By evaporating 1 mL of ethanol in which specimens had been stored overnight (out of 2 mL total ethanol volume) and re-suspending residue in water, Shokralla and colleagues amplified and sequenced 130-base and 650-base fragments of COI and 1100-base fragment of 28s RNA from 25 whole insect specimens (mayflies, caddisflies; 1 gave COI only) and rbcL from 45 plant specimens (0.5 mm leaf samples). They also obtained COI sequences by sampling 1 mL of ethanol solution from 7 insect specimens stored at room temperature for 7 to 10 years. The researchers note this approach could facilitate for “high-throughput” analyses, as it involves liquid handling which is easy to automate, avoids destructive sampling, and could be used even when “there is simply no sample left for further analysis.” They conclude with a caution about “field sampling procedures that include placing mixtures of specimens in an ethanol jar” as this “may increase the chance of cross-contamination.”

The remarkably simple procedure reported by Shokralla and colleagues offers benefits to many persons who want to get DNA barcode identifications. I look forward to applications of this method in research and commercial laboratories, classrooms, and perhaps kitchens!

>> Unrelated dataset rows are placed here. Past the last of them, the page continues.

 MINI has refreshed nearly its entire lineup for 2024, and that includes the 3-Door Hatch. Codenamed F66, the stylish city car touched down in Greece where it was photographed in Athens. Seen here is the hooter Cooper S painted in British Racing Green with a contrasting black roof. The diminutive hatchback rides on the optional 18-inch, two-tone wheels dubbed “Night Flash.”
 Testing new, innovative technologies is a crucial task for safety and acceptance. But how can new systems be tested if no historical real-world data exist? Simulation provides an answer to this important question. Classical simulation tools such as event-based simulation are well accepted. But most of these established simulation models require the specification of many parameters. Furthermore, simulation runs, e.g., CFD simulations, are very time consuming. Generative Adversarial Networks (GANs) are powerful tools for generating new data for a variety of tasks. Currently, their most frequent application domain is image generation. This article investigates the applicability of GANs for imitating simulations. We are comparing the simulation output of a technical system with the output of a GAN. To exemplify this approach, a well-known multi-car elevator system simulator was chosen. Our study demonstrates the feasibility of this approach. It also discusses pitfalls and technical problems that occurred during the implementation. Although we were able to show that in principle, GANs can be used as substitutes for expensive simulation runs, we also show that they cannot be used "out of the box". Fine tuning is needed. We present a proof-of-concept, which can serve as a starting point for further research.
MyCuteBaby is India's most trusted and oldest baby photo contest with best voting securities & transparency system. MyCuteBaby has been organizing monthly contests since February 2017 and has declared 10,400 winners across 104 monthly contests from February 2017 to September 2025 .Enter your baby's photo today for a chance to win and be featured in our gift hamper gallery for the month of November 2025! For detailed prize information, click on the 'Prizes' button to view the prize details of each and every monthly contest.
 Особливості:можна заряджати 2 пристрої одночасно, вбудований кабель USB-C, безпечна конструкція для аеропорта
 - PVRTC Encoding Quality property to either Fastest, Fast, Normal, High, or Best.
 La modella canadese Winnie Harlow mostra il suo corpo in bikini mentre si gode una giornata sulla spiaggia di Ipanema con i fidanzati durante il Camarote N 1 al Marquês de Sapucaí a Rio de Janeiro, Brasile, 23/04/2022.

For accurate census, birds await their barcodes

April 3, 2010

sdarticle08-2b Although birds have been studied in more detail than any other large group of animals, mtDNA continues to reveal many overlooked species, such that named taxa turn out to be comprised of two or more distinct species. These revisions include some very familiar birds, e.g., Canada Goose, which was recently recognized as comprising two species, Cackling Goose (B. hutchinsii) and Canada Goose (B. canadensis) (A.O.U. Check-list 45th suppl. 2004); for a current example, see Päckert et al Mol Phylogenet Evol 2010). Although such taxonomic revisions reflect a combined analysis of morphological, behavioral (particularly song), geographic range, and DNA information, to my reading mtDNA generally trumps the other data, which mostly serve as corroborating evidence. It is not that mtDNA similarities or differences are important per se, it is that they are strongly predictive of the presence or absence of organismal differences, particularly reproductive isolation, that are the hallmarks of species status. Of the species examined so far (I estimate about 1/3 of the 10,000 world birds), most demonstrate a similar patterning of limited mtDNA differences within species and relatively large differences among species, so we can be confident that this analytic approach will hold up. As an aside, referring to splits of named species as “taxonomic inflation” is misleading, as it suggests the real number of species is already known, which seems no more correct than referring to binary stars resolved with a new telescope as reflecting “stellar inflation.”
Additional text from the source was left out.